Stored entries
━━━━━━━━━━━━━━━━

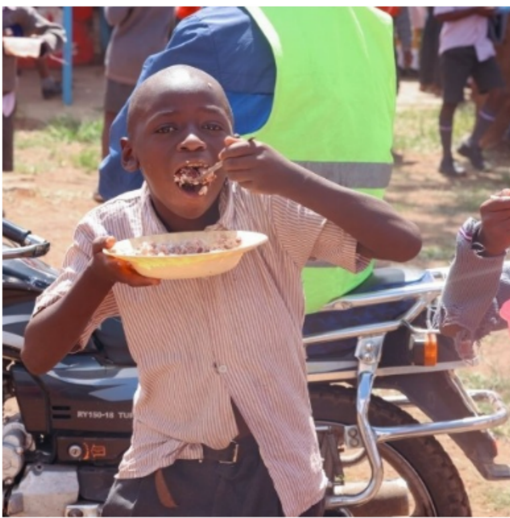
A Pupil enjoying a lunch meal
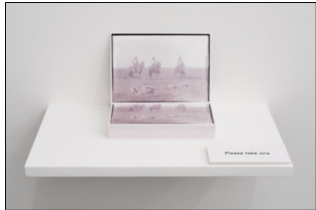
Figure 1. Reproduced postcard showing Texas Rangers posing with a person they had lynched. Making and selling postcards of lynching victims was lucrative in South Texas from 1848 until 1928.
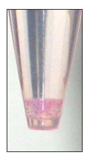
Figure 1 : Raf1 RBD Agarose beads, in color, are easy to visualize, minimizing potential loss during washes and aspirations.

Cell Biolabs' Pan-Ras Activation Assay Kit provides a simple and fast tool to monitor the activation of Ras. The kit includes easily identifiable Raf1 RBD Agarose beads (Figure 1), pink in color, and a GTPase Immunoblot Positive Control for quick Ras identification. This Trial Size kit provides sufficient quantities to perform 5 assays.
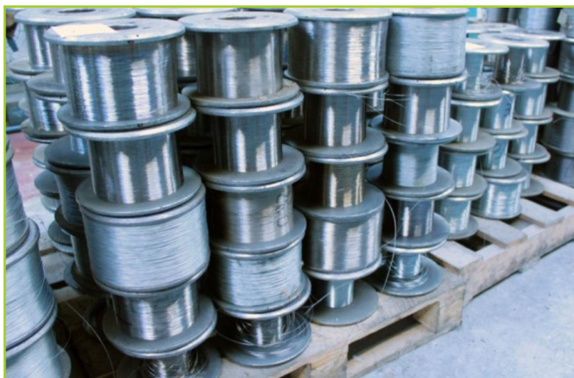
STAINLESS STEEL WIRE SPOOLS, APPROX 110 UNITS. DIFFERENT WIRE SIZES
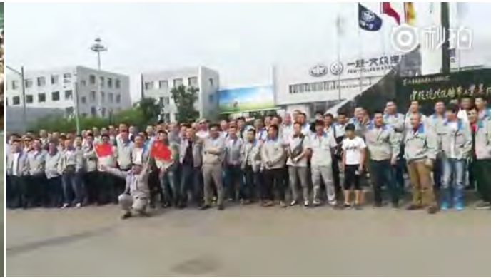
Protest at the Faw-Volkswagen plant in Changchun

Workers and social struggles grow in China, despite repression and censorship applied by the Chinese dictatorship. To show this, it will be worth reading this article published in The New York Times that we reproduce for the most part.
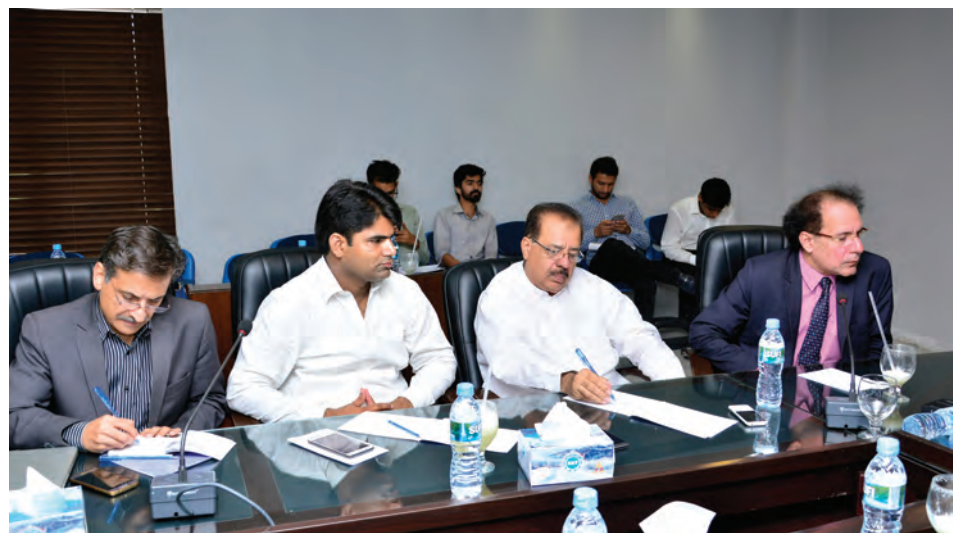
Participants during the debate on FATA reforms
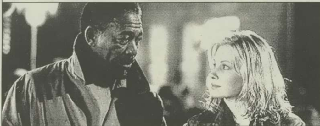
Dr. Alex Cross (Morgan Freeman) and partner (Monica Potter) search for a teacher turned kidnapper.

ond, because of my nervous mindset and therefore sweaty hand, my date obviously does not enjoy the handholding. Finally, the movie isn't as scary as I thought it would be, and that's all right with me, considering I have the courage of a newborn kitten. But I digress. As Alex Cross continues digging through the ever-mounting evidence, he discovers a plot nothing short of plain evil. "So what's her deal anyway? I mean, she asked me out. Wait, who cares, Monica Potter is way hot." The movie ends and mercifully, so does the awkward handholding. "Along Came a Spider" is a movie full of surprises. Although I would not say it's even near one of my favorites, it is definitely an entertaining thriller full of twists and turns as well as a surprise ending. I'd give it a "go ahead and rent it as long as you aren't trying to make a move," because, as I discovered the hard way, "Along Came a Spider" is no turn on.
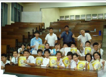
SEE ! WE ARE FEATURED IN THE DG'S NEWSLETTER!
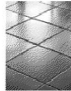
Tile & Stone

Flooded? Emergency Water Damage Service Available
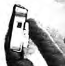
For a new shaping edge, just wind the lever on the cartridge. It's easy. Guide numbers are on the side.
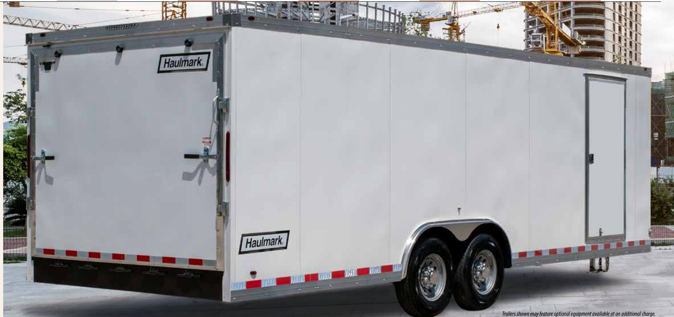
Trailers shown may feature optional equipment available at an additional charge.
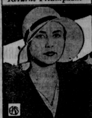
Mrs. Helen Wills Moody, world's champion tennis player, photographed on her return from her European victories.
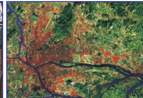
Urban villages (red) in the heart of Guangzhou

of different social status and physical structure at the neighbourhood level (urban villages, housing estates, gated communities)
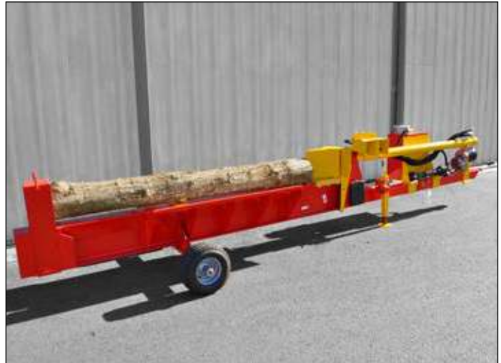
Post splitter TRAILEE
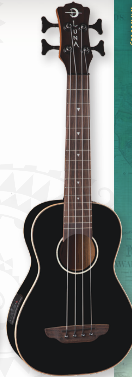
GLOSS BLACK UKE BASS

Luna's ukulele basses are fun to play - for portable performance or practice anywhere! They are 21" short scale instruments, featuring flatwound strings that are tuned to E-A-D-G like a traditional bass guitar - but one octave up.
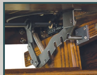
• Locking Mechanism
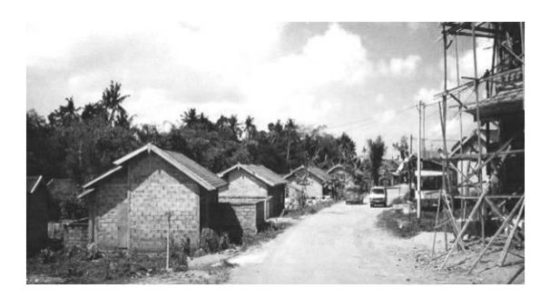
Figure 1. Dalung Permai – private housing project.
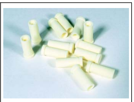
5 or 10 micron PP Sinter Filter # 31-63211-50 (10 µm) # 31-63511-50 (5 µm)

PHARMA TEST GmbH Siemensstrasse 5 D-63512 Hainburg (GER)
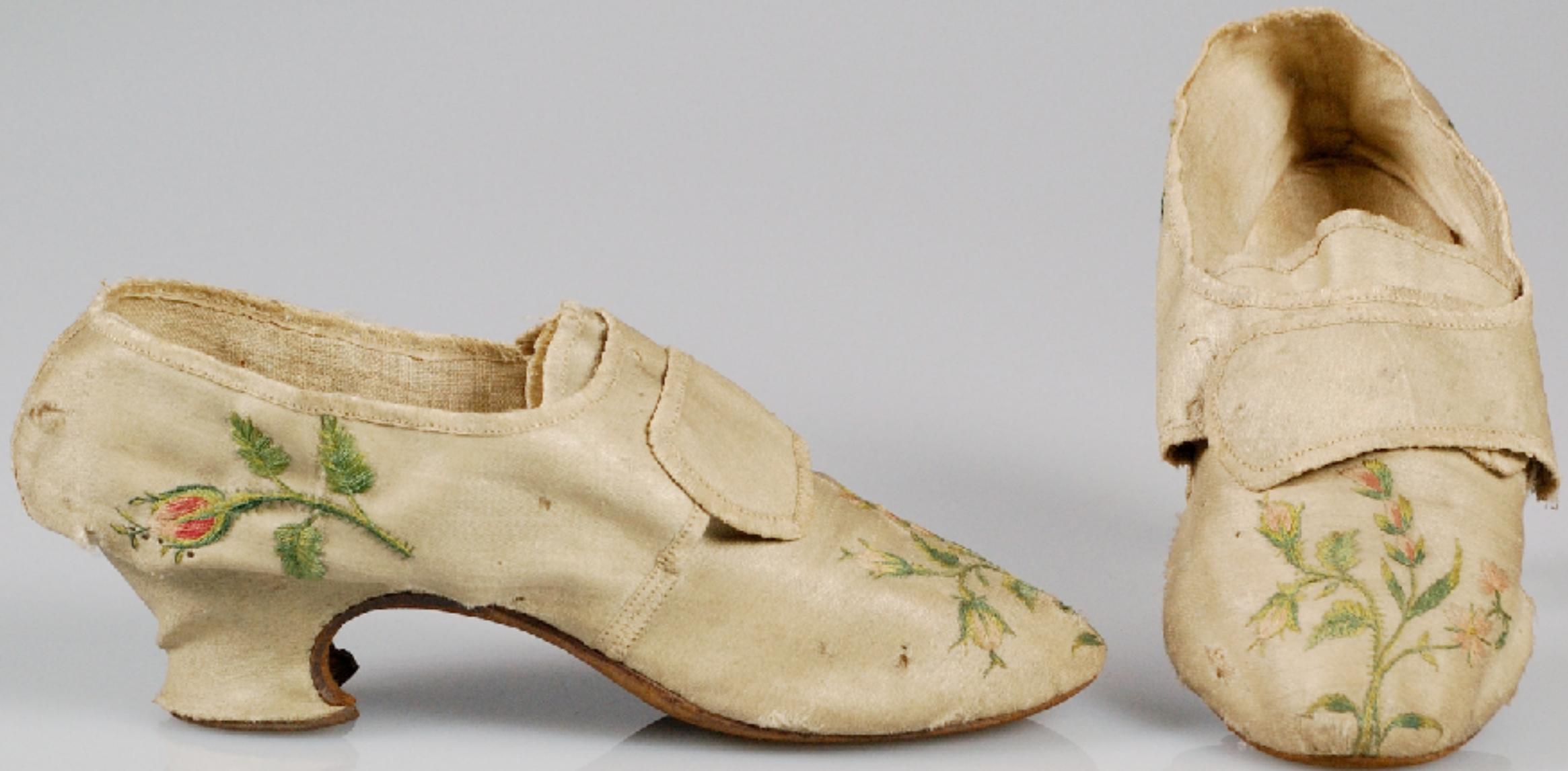
English Silk Buckle Shoes c. 1740 - 1760 (Metropolitan Museum of Art)
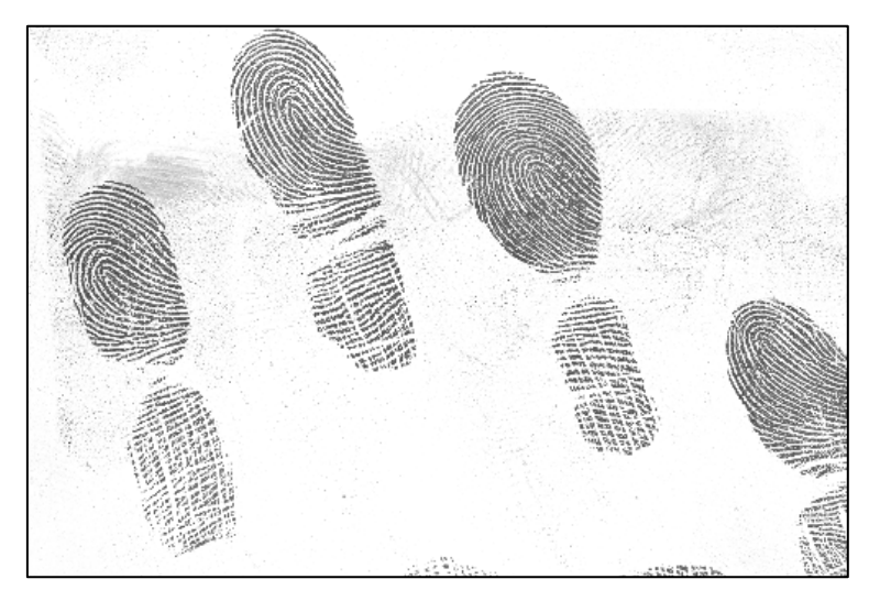
Figure 3. "Noisy" slap image.

Background noise such as extraneous print lines, printed letters, smudges, etc near the boundary of the slap print pose an additional challenge for segmentation. (See Figure 3.) "Noise", which may also be caused by dirt on the platen surface of the scanner, is most problematic in low contrast images.
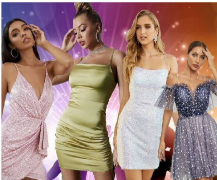
Save semi-formal dresses for high school homecoming.
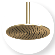
Brushed Gold TRHCMBG
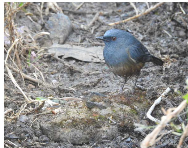
Nilgiri Sholakili ( Sholicola major )

━━━━━━━━━━━━━━━━

• **DIRECTIONS FOR THIS TASK**: Copy each line above that has the word "easy".

• **SOLUTION TO THIS PROBLEM**:
Figure 1 : Raf1 RBD Agarose beads, in color, are easy to visualize, minimizing potential loss during washes and aspirations.
For a new shaping edge, just wind the lever on the cartridge. It's easy. Guide numbers are on the side.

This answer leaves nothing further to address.